3 Comments leave one →
  1. Brian permalink
    8 June 2010 7:18 pm

    There is no such thing as “unfettered gun ownership” in the United States. Read Chapter 44 of Title 18, United States Code, enacted in 1968- it clearly states that people with known mental illness are not allowed to legally purchase guns.
    Your article is so biased that I would be surprised if even you expected anyone to take it seriously. You state so many inaccuracies that I won’t even bother to point them out unless you would like to challenge me on them. You have no real understanding of the south or it’s people. You are simply a bigot.

    • 12 June 2010 10:01 am

      Brian,

      Thank you so much for illustrating my point. As for my lack of understanding of the south and its people, I have lived south of the Mason Dixon line all of my life except for a period when I served my country in the US Army in Germany and a short stint in London, England. As for my bigotry, my refusal to accept the ignorant opinions of those who I live amongst and/or those who raised me is just my rebellion against stupidity. If you choose to stay ignorant, be my guest. I, on the other hand, choose to move forward into a new century and let the loss by The Confederate States of America of the Civil War stand.
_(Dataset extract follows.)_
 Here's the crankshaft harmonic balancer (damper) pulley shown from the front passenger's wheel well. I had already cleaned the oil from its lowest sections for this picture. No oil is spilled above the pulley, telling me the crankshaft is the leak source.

      And just one more thing, you say “known” mental illness. That leaves a lot of leeway, and gun shows are not required to check these things out anyway. Just the facts, man, just the facts.
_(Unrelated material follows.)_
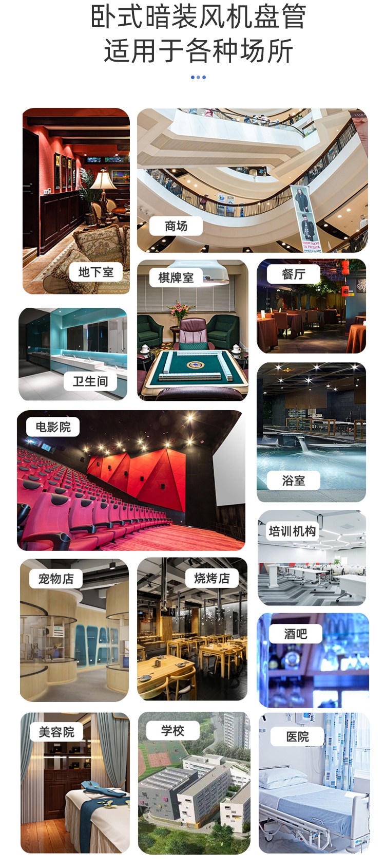2. 风机盘管机组送风量约为250~2500m/h,出口静压小于100pa(出口静压大于30pa为高静压型)。

      Thanks for your comments.

  2. Claudia Sandoval permalink
    19 December 2012 9:47 pm

    I moved to the south years ago and my husband and I would joke that our children keep looking smarter and smarter the further south we move. The people here love their bibles yet they rarely practice what’s in it. Only the parts that justify their hate. Man, what an abundance of hate in these parts. That’s for sure. Thanks for posting this. My husband and I were starting to feel like we were strange for wanting to practice love, and compassion. I think a man named Jesus mentioned that once.